**Available data:**
BEGIN

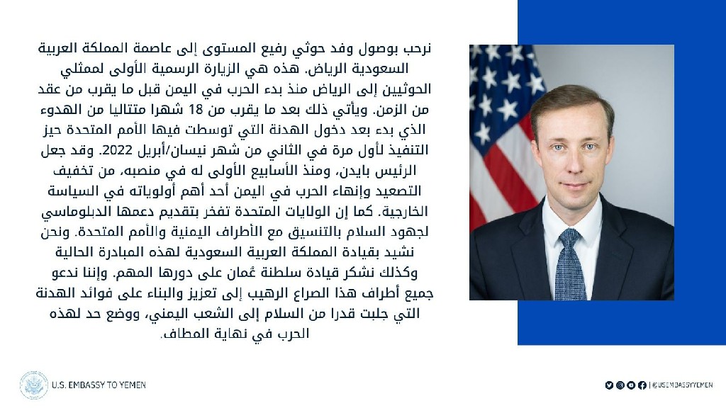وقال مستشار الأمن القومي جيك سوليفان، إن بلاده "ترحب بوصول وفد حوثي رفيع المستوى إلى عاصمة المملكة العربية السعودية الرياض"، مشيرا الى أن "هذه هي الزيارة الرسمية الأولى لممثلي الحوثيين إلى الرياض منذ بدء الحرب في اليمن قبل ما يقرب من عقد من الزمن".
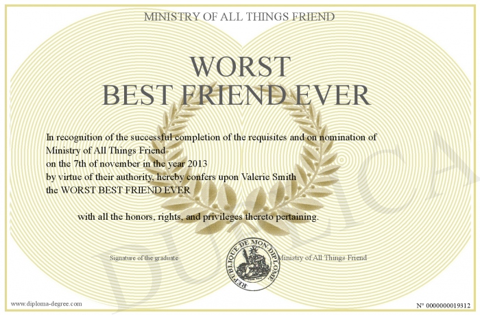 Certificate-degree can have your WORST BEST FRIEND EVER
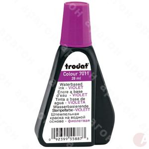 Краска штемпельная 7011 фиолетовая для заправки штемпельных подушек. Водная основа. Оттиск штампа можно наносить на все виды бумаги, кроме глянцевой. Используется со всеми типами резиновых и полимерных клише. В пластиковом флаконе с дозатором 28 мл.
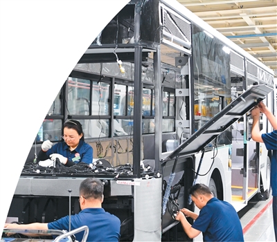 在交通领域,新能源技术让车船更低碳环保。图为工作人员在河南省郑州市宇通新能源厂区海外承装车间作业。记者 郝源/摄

END

**Goal of the exercise:**
Return only what lies between the line containing "Краска штемпельная 7011" and the last line of the listing, those two lines included, exactly as written and with no pictures.

**Reply:**
 Краска штемпельная 7011 фиолетовая для заправки штемпельных подушек. Водная основа. Оттиск штампа можно наносить на все виды бумаги, кроме глянцевой. Используется со всеми типами резиновых и полимерных клише. В пластиковом флаконе с дозатором 28 мл.
 在交通领域,新能源技术让车船更低碳环保。图为工作人员在河南省郑州市宇通新能源厂区海外承装车间作业。记者 郝源/摄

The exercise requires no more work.